Family of pseudorandom number generators

The Well Equidistributed Long-period Linear (WELL) is a family of pseudorandom number generators developed in 2006 by François Panneton, Pierre L'Ecuyer, and Makoto Matsumoto (松本 眞). It is a form of linear-feedback shift register optimized for software implementation on a 32-bit machine.

== Operational design ==
The structure is similar to the Mersenne Twister, a large state made up of previous output words (32 bits each), from which a new output word is generated using linear recurrences modulo 2 over a finite binary field $F_2$. However, a more complex recurrence produces a denser generator polynomial, producing better statistical properties.

Each step of the generator reads five words of state: the oldest 32 bits (which may straddle a word boundary if the state size is not a multiple of 32), the newest 32 bits, and three other words in between.

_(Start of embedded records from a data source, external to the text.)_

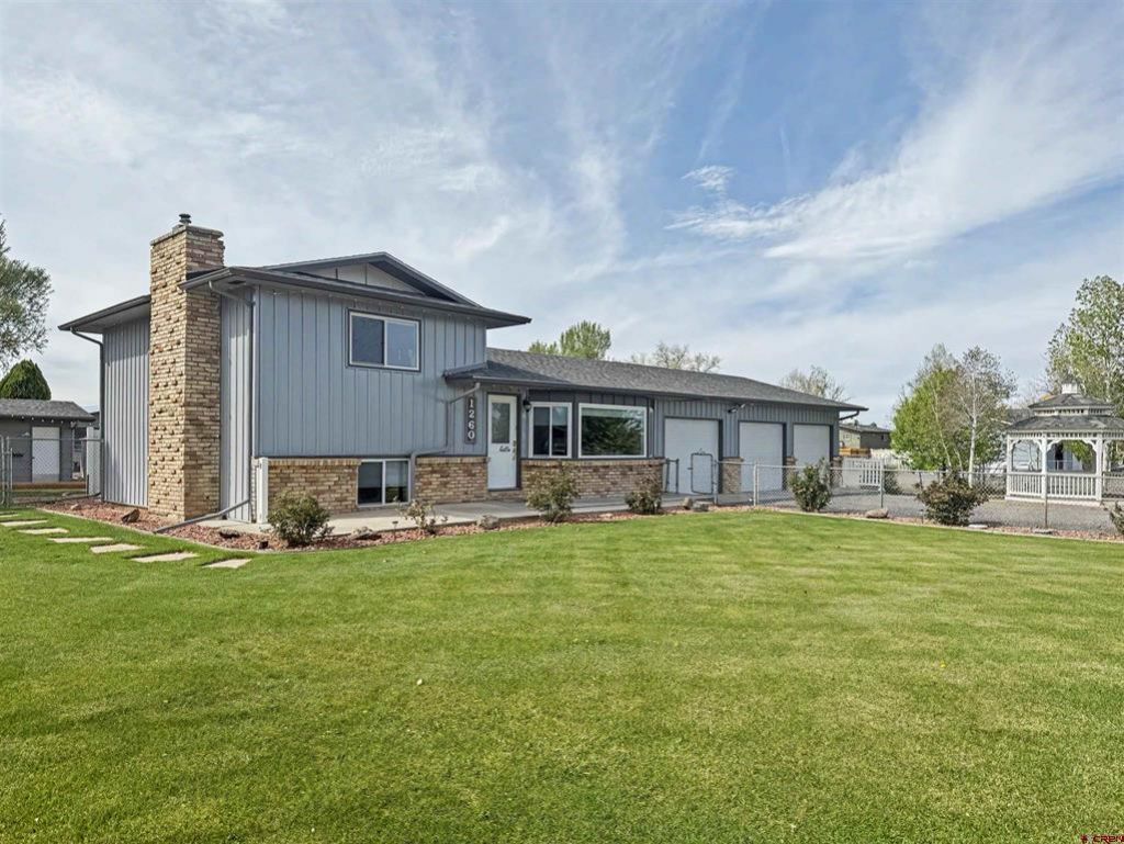 Welcome home to 1260 Frontier! This beautifully done property has been updated, immaculately maintained, and is move-in ready! From the cozy and welcoming home to the sprawling, lush yard and multiple outbuildings, this place really has it all. Set on a 0.43 acre corner lot, the property affords great views of the Grand Mesa and boasts ample irrigation water. Inside there are 3 bedrooms and 2 baths. The split floor plan features the main living room, dining room, and kitchen on the walk-in level. Down a few short steps is a 2nd living room/den with a fireplace, and a bedroom with a bathroom and laundry. The tiled shower has a window that lets in great light! Go up a few stairs from the main area and you'll find two additional bedrooms and another full bath. The beautiful kitchen has granite countertops, wonderful storage, lighting, and updated appliances. There are also updated windows, forced air heating and cooling, solid bamboo floors, and RV parking. The garage of this home is exceptional! One bay has currently been built into a man-cave/hang out space, but could be easily converted back to true garage space if needed. The other two bays are oversized and offer additional storage. Outdoors is a backyard dream- from the oversized contoured concrete patio to the dedicated bocce ball space, you won't run out of fun. A covered, screeded patio connects to a serene garden space as well as another dedicated hang-out shed. This is a perfect spot to relax or entertain all year round! A workshop and storage shed round out additional buildings. A gorgeous gazebo surrounded by aspen trees and flowers adorns the North West corner of the front yard. Come enjoy all that this place has to offer- and just minutes to schools, medical facilities and more.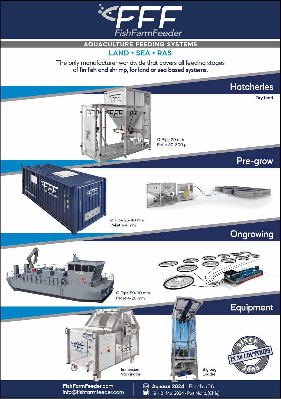 FishFarmFeeder er et selskap som ble grunnlagt i 2008 og produserer fôringssystemer for akvakultur med en komplett katalog av fôringsautomater som dekker alle stadier i fiskens liv: klekkeri, pre-grower og grow-out, både på land og i sjøen.
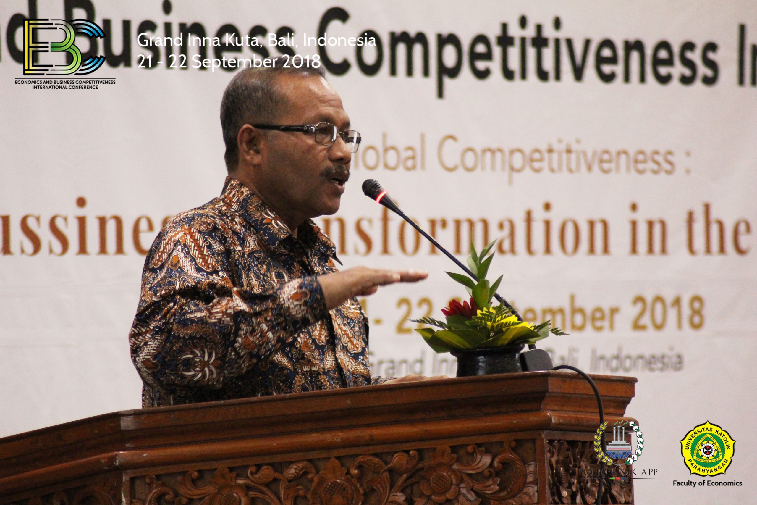 Fakultas Ekonomi Universitas Katolik Parahyangan (Unpar) Bandung bekerja sama dengan Politeknik APP Jakarta menggelar seminar bertajuk Economics and Business Competitiveness International Conference 2018 (Ebcicon 2018). Dengan tema besar “Global Competitiveness: Business Transformation in Digital Era”, seminar internasional ini dilaksanakan di Grand Inna Kuta, Bali, pada 21-22 September 2018.
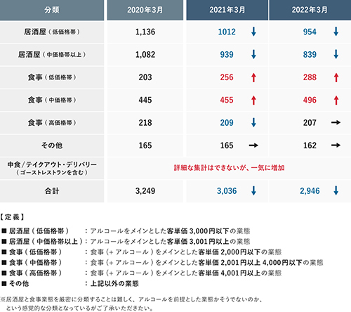 コロナ禍において営業時間が短くアルコールも出せない状況下で、居酒屋は苦戦を強いられた。補助金をもらったとしても存続が難しい店舗については閉店が続き、アルコールなしでも成立する食事を中心とした業態への転換が進んでいることが伺える。ランチ帯まで営業時間を延ばしたほか、定食メニューを充実させて食事メインでアルコールも楽しめるというハイブリッド的な店舗も増えている。

Then a series of eight single-word transformations (mostly of the form $x:= x\oplus(x\gg k)$ and six exclusive-or operations combine those into two words, which become the newest two words of state, one of which will be the output.

== Variants ==

Specific parameters are provided for the following generators:
- WELL512a
- WELL521a, WELL521b
- WELL607a, WELL607b
- WELL800a, WELL800b
- WELL1024a, WELL1024b
- WELL19937a, WELL19937b, WELL19937c
- WELL21701a
- WELL23209a, WELL23209b
- WELL44497a, WELL44497b.

Numbers give the state size in bits; letter suffixes denote variants of the same size.

== Implementations ==

- Implementations of WELL512a, WELL1024a, WELL19937a, WELL19937c, WELL44497a, WELL44497b in C (Free for non-commercial use)
- Implementations of same algorithms in Scala
- Implementations in C++
- Implementations of WELL512, WELL1024, WELL607 in Java
- Implementations of WELL512, WELL1024 in BBC BASIC
- Modified "maximally equidistributed" implementations of WELL19937, WELL44497 in C (Free for non-commercial use)
- Implementation of WELL512 in C (Public Domain)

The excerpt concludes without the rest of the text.